Timing the delivery of a very premature infant <34 weeks in the presence of severe preeclampsia is a difficult clinical decision. When the mother’s life is in danger, there is no doubt that delivery is the only correct course of action. This situation is rare. More usually, the risks of maternal morbidity if the pregnancy is continued have to be constantly balanced against the hazards of prematurity to the fetus if it is delivered too early. The options are expeditious delivery or expectant management to improve perinatal outcome, but there are only two small trials comparing these approaches at 28 to 32–34 weeks (66,67).

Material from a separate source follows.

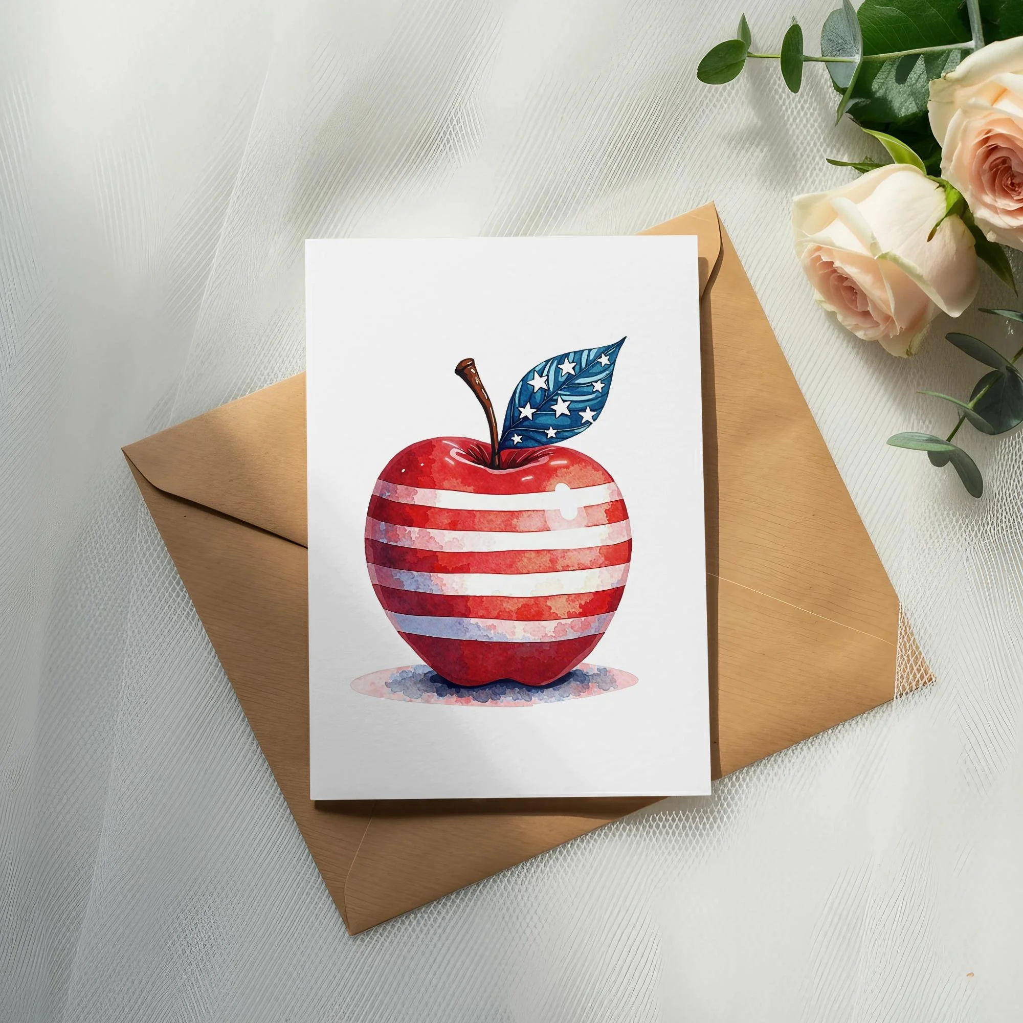 Celebrate your patriotism with this Vintage American Flag Apple Sticker. Featuring a red apple adorned with traditional American flag stripes and a star-studded leaf, this decal is perfect for adding a touch of USA pride to your belongings. Ideal for laptops, water bottles, notebooks, and more, this sticker will show off your love for America on Independence Day and all year round. Easy to apply and durable, it's a great way to express your patriotic spirit.

The global impact of pre-eclampsia and eclampsia. Semin Perinatol 2009; 33(3):130–137. [Review; III] 80. Duley L, Henderson-Smart DJ, Walker GJ, Magnesium sulphate versus diazepam for eclampsia. Cochrane Database Syst Rev 2010; 12:CD000127. [Meta-analysis; 7 RCTs, n = 1396; I] 81. Duley L, Henderson-Smart DJ, Chou D. Magnesium sulphate versus phenytoin for eclampsia. Cochrane Database Syst Rev 2010; (10):CD000128. [Meta-analysis; 7 RCTs, n = 972; I] 19 82. Duley L, Gulmezoglu AM, Chou D. Magnesium sulphate versus lytic cocktail for eclampsia.